> [Instructions for the task]:
Write down exactly the lines from the one below that has "从基金规模来看,招商品质发现" to the end of the data, both ends included; the pictures should not appear in your copy.

> [Exercise inputs]:
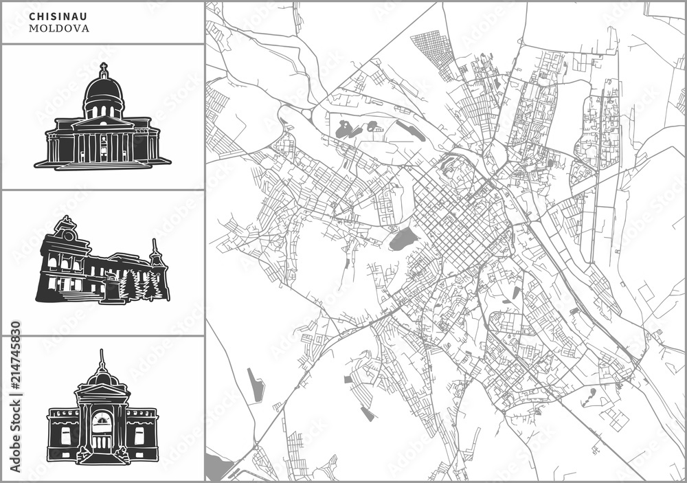 Tableau sur toile Plan de la ville de Chisinau avec icônes d'architecture dessinées à la main
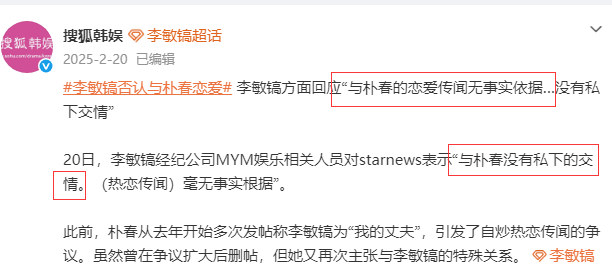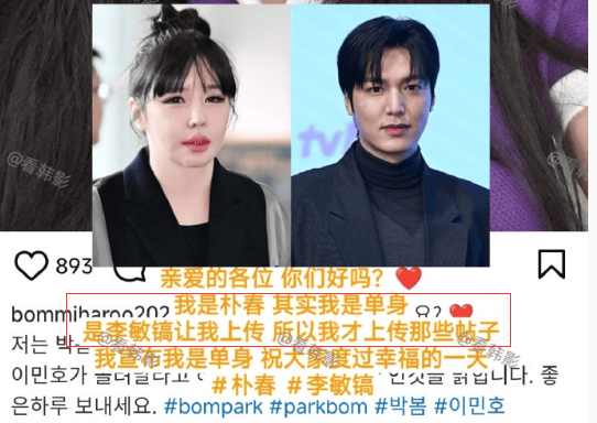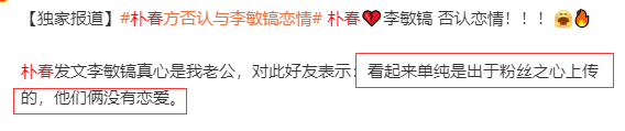 反反复复搞下来,『李敏镐』那边承受不住了,赶紧站出来辟谣说自己和朴春没恋爱,甚至私交都没有。
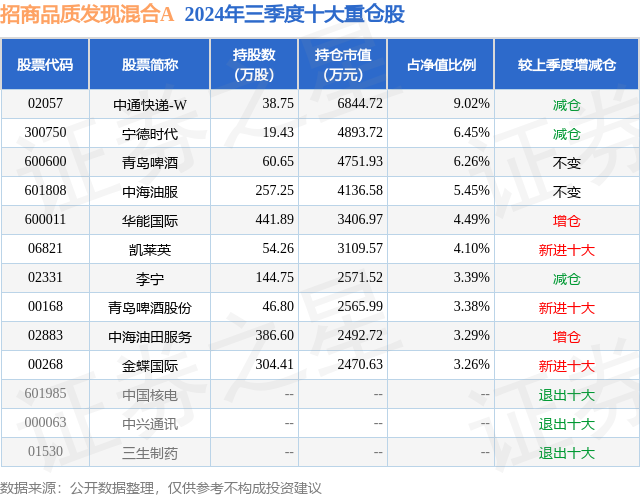 从基金规模来看,招商品质发现混合A基金2024年三季度公布的基金规模为6.16亿元,较上一期规模5.11亿元变化了1.05亿元,环比变化了20.59%。该基金最新一期资产配置为:股票占净值比93.66%,债券占净值比4.11%,现金占净值比1.81%。从基金持仓来看,该基金当季前十大股票仓位达49.09%,第一大重仓股为中通快递-W(02057),持仓占比为9.02%。
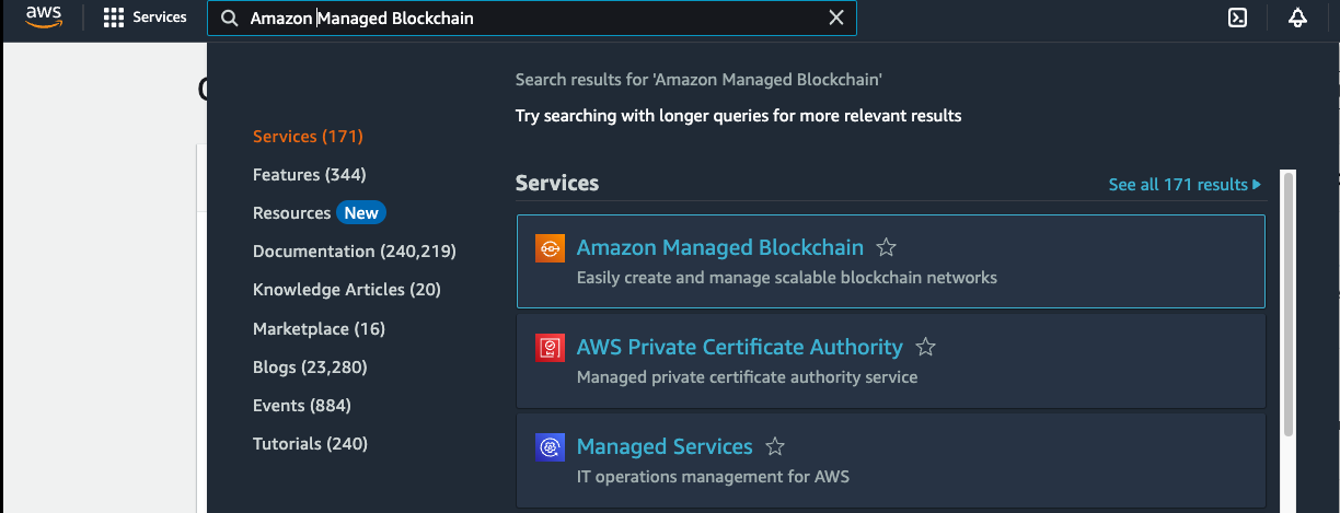 - En la consola de Amazon Web Services en el panel de búsqueda escribimos Amazon Managed Blockchain.
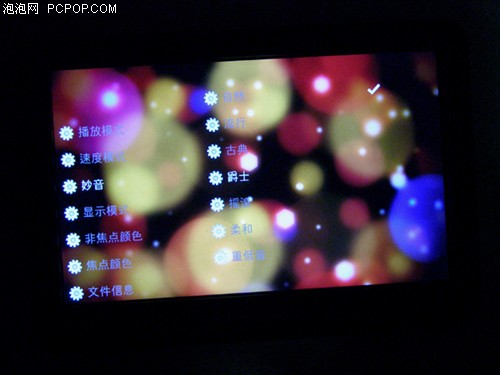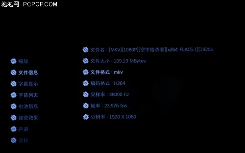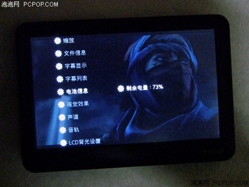 此外,在视频播放选项里,我们可以选择5种比例缩放,查看文件信息,开关字幕显示,查看字幕列表,查看电池信息,设置5种视觉效果,选择声道,切换音轨以及设置LCD背光亮度,可进行的操作十分全面。
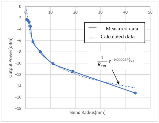 Figure 5, the relation between the bend radius and the transmitted power is very close to the derived one in Equation (24) and hence, we can assume that the approximations are valid.
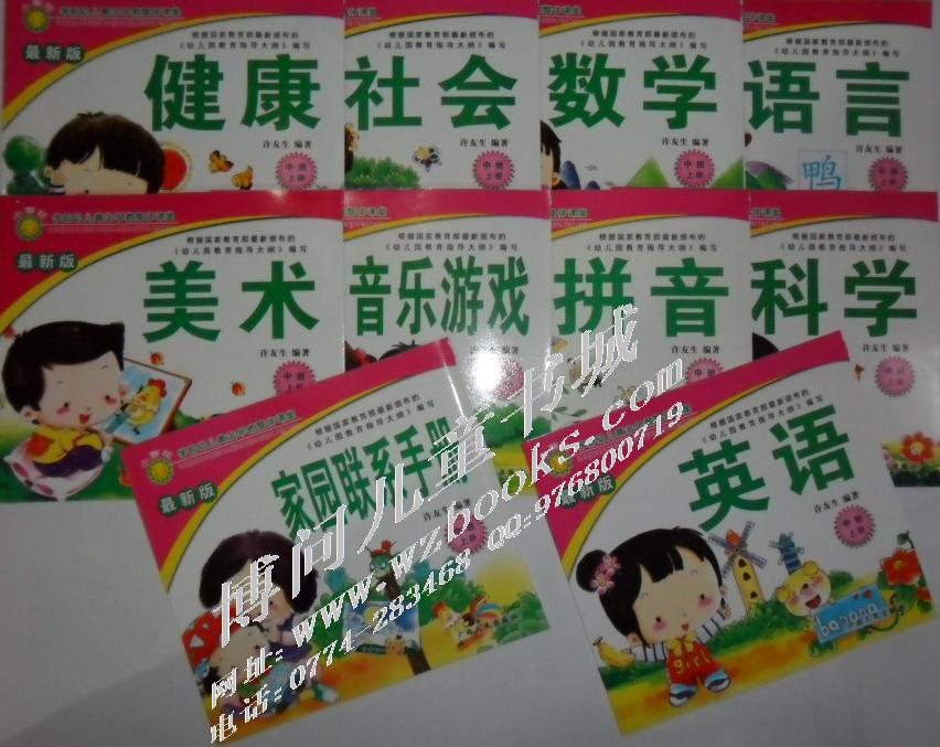 中班(每册套10本:英语、美术、数学、语言、音乐游戏、社会、健康、科学、拼音、家园联系手册)38元/册套;

> [Exercise output]:
 从基金规模来看,招商品质发现混合A基金2024年三季度公布的基金规模为6.16亿元,较上一期规模5.11亿元变化了1.05亿元,环比变化了20.59%。该基金最新一期资产配置为:股票占净值比93.66%,债券占净值比4.11%,现金占净值比1.81%。从基金持仓来看,该基金当季前十大股票仓位达49.09%,第一大重仓股为中通快递-W(02057),持仓占比为9.02%。
 - En la consola de Amazon Web Services en el panel de búsqueda escribimos Amazon Managed Blockchain.
 此外,在视频播放选项里,我们可以选择5种比例缩放,查看文件信息,开关字幕显示,查看字幕列表,查看电池信息,设置5种视觉效果,选择声道,切换音轨以及设置LCD背光亮度,可进行的操作十分全面。
 Figure 5, the relation between the bend radius and the transmitted power is very close to the derived one in Equation (24) and hence, we can assume that the approximations are valid.
 中班(每册套10本:英语、美术、数学、语言、音乐游戏、社会、健康、科学、拼音、家园联系手册)38元/册套;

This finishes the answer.